//题意是求起点到终点,满足走K次不重复的路(任何一段都不能相同),最大边中的值最小
/**
*6 5 1
*1 2 1
*2 3 4
*3 6 5
*1 4 1
*4 5 1
*5 6 6
从1到6有 2条路径 1-2-3-6 最大边值为 5
1-4-5-6 最大边值为 6
因为只走一条 所以最大边值的最小为5
若走2条 则最大边值的最小为6
具体做法:
先分别构建源点与汇点 源点为s = 0, 汇点为t = n + 1, 因为要满足走K次所以 分别连接s-1,n-t流量都为K.二分枚举最大边的值.
先left = 0, right = 1000000;(right 可以是大于等于[and with a positive length that does not exceed 1,000,000.]要求的值)

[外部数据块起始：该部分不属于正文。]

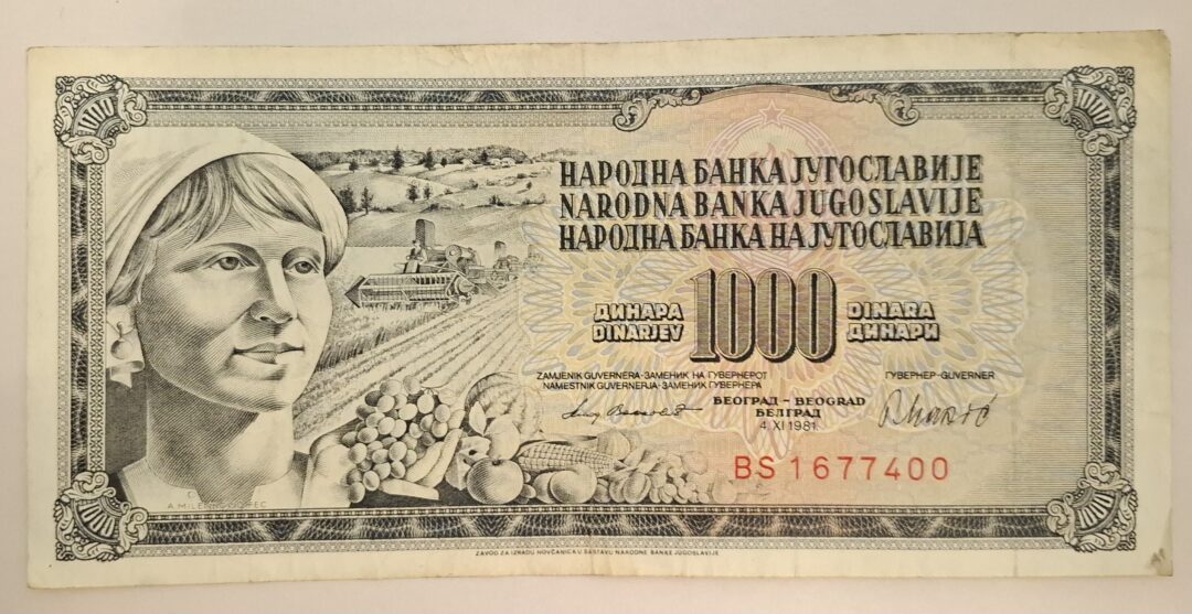 Stary Banknot kolekcjonerski 1000 Dinarów 1981 Jugosławia

mid = (left + right) >> 1; 如果某条边(u,v)的值满足<=mid,则连接u,v, 流为1.最大流的结果若是<K说明mid不是所求的值,要增大这个值
left = mid + 1;如果最大流为K说明mid可以满足但是还要确定是否有比他小的数使得流也为K,所以right = mid - 1.二分搜完最后结果就是left
若说错了 求指教~~
**/
#include <cstdio>
#include <iostream>
#include <cstring>
using namespace std;
const int MAXV = 410;
const int MAXE = 200010;
const int inf = 1 << 29;
int head[MAXV], N;
struct Edge {
int v, next, w;
}edge[MAXE], tmp[MAXE];
int n, m, s, t, cnt, ans;
void add(int u, int v, int w) {
edge[cnt].v = v;
edge[cnt].w = w;
edge[cnt].next = head[ u ];
head[ u ] = cnt++;
edge[cnt].v = u;
edge[cnt].w = w;
edge[cnt].next = head[ v ];
head[ v ] = cnt++;
}
int sap() {
int pre[MAXV], cur[MAXV], dis[MAXV], gap[MAXV];
int flow = 0, aug = inf, u;
bool flag;
for(int i = 0; i <= N; ++ i) {
cur[ i ] = head[ i ];
gap[ i ] = dis[ i ] = 0;
}
gap[ s ] = N;
u = pre[ s ] = s;
while(dis[ s ] < N) {
flag = 0;
for(int &j = cur[ u ]; j != -1; j = edge[ j ].next) {
int v = edge[ j ].v;
if(edge[ j ].w > 0 && dis[ u ] == dis[ v ] + 1) {
flag = 1;
if(edge[ j ].w < aug) aug = edge[ j ].w;
pre[ v ] = u;
u = v;
if(u == t) {
flow += aug;
while(u != s) {
u = pre[ u ];
edge[cur[ u ] ].w -= aug;
edge[cur[ u ]^1].w += aug;
}
aug = inf;
}
break;
}
}
if(flag) continue;
int mindis = N;
for(int k = head[ u ]; k != -1; k = edge[ k ].next) {
int v = edge[ k ].v;
if(edge[ k ].w > 0 && dis[ v ] < mindis) {
mindis = dis[ v ];
cur[ u ] = k;
}
}
if( (--gap[dis[ u ]]) == 0) break;
dis[ u ] = mindis + 1;
gap[dis[ u ]] ++;
u = pre[ u ];
}
return flow;
}
int main() {
int i, j;
int mm;
while(~scanf("%d %d %d", &m, &n, &mm)) {
for(i = 0; i < n; ++ i) {
scanf("%d %d %d", &tmp[ i ].v, &tmp[ i ].next, &tmp[ i ].w);
}
int left = 0, right = 1000000, mid;
while(left <= right) {
mid = (left + right) >> 1;
cnt = 0; s = 0; t = m - 1; N = t + 1;
memset(head,-1,sizeof(head));
for(i = 0; i < n; ++ i) {
if(tmp[ i ].w <= mid) {
add(tmp[ i ].v - 1, tmp[ i ].next - 1, 1);
}
}
ans = sap();
if(ans >= mm) {
right = mid - 1;
}
else {
left = mid + 1;
}
}
printf("%d\n", left);
}
return 0;
}